仕事に懸ける思いの強さ……意気込みや情熱はステラとリンクする│秋アニメ『勇者パーティーを追放されたビーストテイマー、最強種の猫耳少女と出会う』連載インタビュー:高橋李依さん(ステラ役)
先日、ついに最終回が放送されたTVアニメ『勇者パーティーを追放されたビーストテイマー、最強種の猫耳少女と出会う』。故郷を失い、勇者パーティーからも追放されたレインでしたが、最強種の少女たちと協力しながら街を守り切り、過去を乗り越えて、彼女たちと新たな“家族”となるという大団円を迎えました。
アニメイトタイムズでお送りしてきたキャストリレー連載、最終回はステラ役・高橋李依さんのインタビューをお届けします。最強種ではない“ただの人間”であるステラが見せた活躍とは……!? 物語を振り返りながら、役への思いをじっくり語っていただきました。
声を聞いただけで伝わるように
――ステラは終盤の登場でしたが、どのようなアプローチで演じようと思われたのでしょうか?
高橋李依さん(以下、高橋):おっしゃる通り、終盤に登場して物語が一気に展開していく流れだったので、ステラがどんな人物かをじっくり知っていただくには少し時間が足りないなと思ったんです。それで、声を聞いただけで「この人はまっすぐな人で、後ろ暗いものが何もないんだな」と伝わるように、自己紹介を声で補うイメージで臨みました。
礼儀正しい雰囲気、理路整然とした思考と正義感に溢れた発言、感情もはっきりしていて、抱えてきたものの重さや責任が涙と一緒にポロッと出てしまう瞬間もあったり。それぞれの行動への説得力を持たせたいなと感じたので、その辺りに気を使うようにしました。
――確かに、第10話でレインたちと初めて遭遇したシーンからも彼女のまっすぐさが伝わってきました。
高橋:レインたちと出会うシーンでは、出会って、頭を下げて、説明して、うれし泣きをするという、実はすごいテンポで感情が切り替わっていくシーンでもあるんです。その上で、これからのお話の流れとステラがどういう人物なのかをしっかり届けないといけないので、ひと声聞くだけで「この人はいい人だから一緒に行動しても大丈夫」と信頼できるようなお芝居を意識しました。
――ところで、最近、高橋さんは凛とした大人の女性を演じることが増えてきましたよね?
高橋:そうなんです! びっくりしますよね(笑)。
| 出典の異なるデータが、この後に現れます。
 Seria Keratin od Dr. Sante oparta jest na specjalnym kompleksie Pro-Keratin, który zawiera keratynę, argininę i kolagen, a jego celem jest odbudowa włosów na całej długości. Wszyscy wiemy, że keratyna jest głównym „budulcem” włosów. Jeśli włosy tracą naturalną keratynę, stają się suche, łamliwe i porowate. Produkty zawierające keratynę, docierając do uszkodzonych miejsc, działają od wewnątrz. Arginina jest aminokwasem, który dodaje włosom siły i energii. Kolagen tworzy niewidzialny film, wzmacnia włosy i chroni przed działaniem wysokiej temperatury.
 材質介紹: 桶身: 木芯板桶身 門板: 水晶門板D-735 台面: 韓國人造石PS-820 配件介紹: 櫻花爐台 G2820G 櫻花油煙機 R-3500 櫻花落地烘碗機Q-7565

オーディションではなくご指名でそういった役をいただくと、大きな挑戦をして下さったことにプレッシャーを感じそうですが、今回はオーディションで選んでいただけたこともあり、安心してほどよい緊張感で臨めました。一度、自分のお芝居を聞いていただいているというのは大きいです。
――ステラの声からは芯の強さが感じられました。
高橋:ありがとうございます。仕事に懸ける思いの強さ……意気込みや情熱、大切にしたい気持ちはステラとリンクする部分でもあったので、そういう部分はしっかり汲み取りたいなと思っていました。
――先ほどおっしゃった通り、ステラは見た目とは裏腹にかなり情熱的な女性ですよね。
高橋:そうなんです。かなり熱血な騎士さんで、騎士団やジレー隊長に対しても怒りと悲しみを隠そうとしていませんでした。ただ、我を失うようなタイプではないなと思います。
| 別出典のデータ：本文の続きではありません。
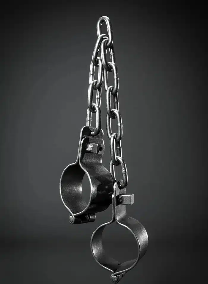 These close fitting irons are linked together with a 12″ long heavy-duty welded chain.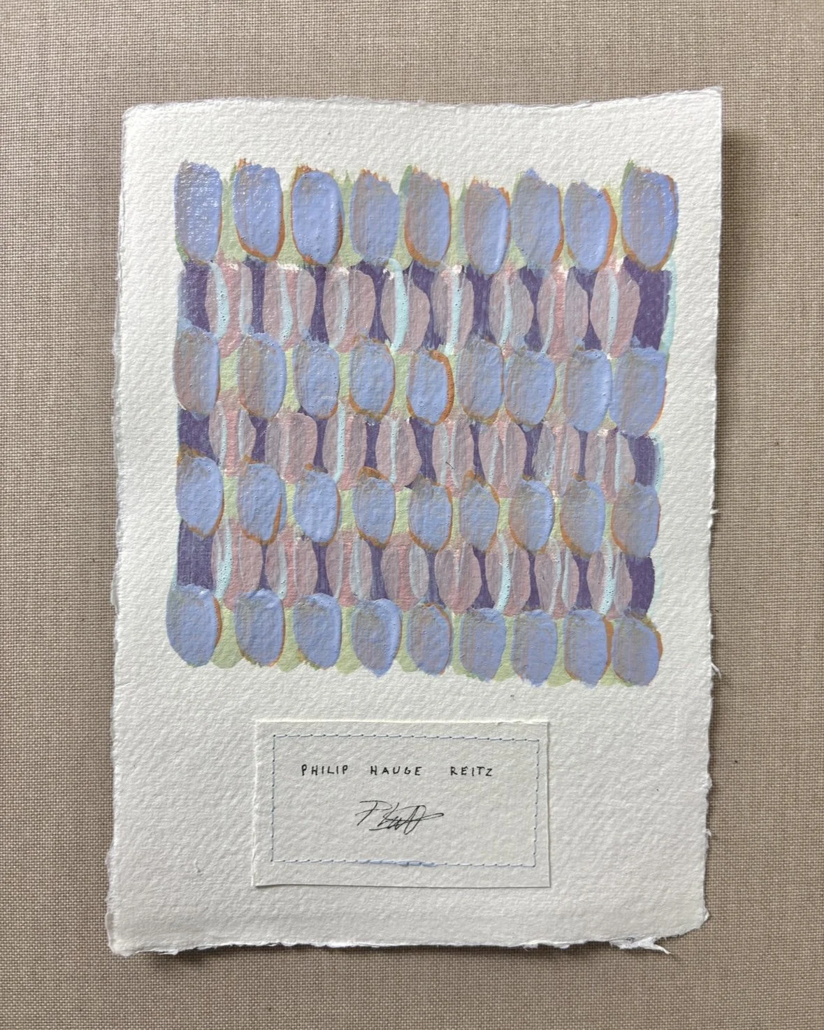MIXED MEDIA ON HANDMADE PAPER WITH SEWN THREAD

ステラの怒りと悲しみがよくわかるのが、ジレー隊長との一騎打ちでした。ジレー隊長が倒れたあとに少し尺があって、そこに息を入れようと思っていたんです。戦いを終えたあとの荒い息づかいなんですが、どこか悲しみに似たむなしさ、でもこうするしかなかったやるせなさといった感情が湧いてきて。あの引きのカットはすごく印象に残っています。
――ジレーとの一騎打ちは、短い時間ながらも二人のドラマが感じられました。
高橋:一見するとジレー隊長もただの悪い敵という印象なんですが、不正に手を染めていなかった頃の爽やかなジレー隊長がインサートされることで、ステラとジレー隊長の物語の奥行きがグッと広がるんです。あの1カットからジレー隊長の背中を追ってきたステラの憧れと怒り、むなしさが伝わってきました。限られた時間の中で二人のバックボーンが表現されていて、すごくよかったです。
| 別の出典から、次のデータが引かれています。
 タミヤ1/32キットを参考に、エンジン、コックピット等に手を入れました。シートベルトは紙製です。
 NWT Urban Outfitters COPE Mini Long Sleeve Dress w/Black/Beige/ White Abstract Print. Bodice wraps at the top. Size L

――ジレー隊長もいろいろ諦めてしまったんだろうなというのが垣間見えますよね。
高橋:本当に悲しくなりました。でも、ジレー隊長がちょっとかわいいなと思ったのが、癒着の証拠があると聞かされて、自らちゃんと駆けつけたところ。自分から確認にいくんだって(笑)、その真面目さが伝わってきました。
きっと、ほんの少し道を間違えてしまっただけなんだと思います。だからこそ、ジレー隊長についていく騎士もたくさんいたと思うので、嫌いになれないキャラクターです。
――スタッフさんからは何かディレクションはあったのでしょうか?
高橋:特に第10話は、物語が勢いよく進んでいくので、「ここはより深刻に」、「ここはもっと相手に掛ける感じで」と、感情の出し引きのポイントを教えていただきました。キャラクターのベースとなる部分は変えずに、感情にグラデーションをつけていくというよりは、カット単位でしっかり意図を切り替えていくイメージで演じました。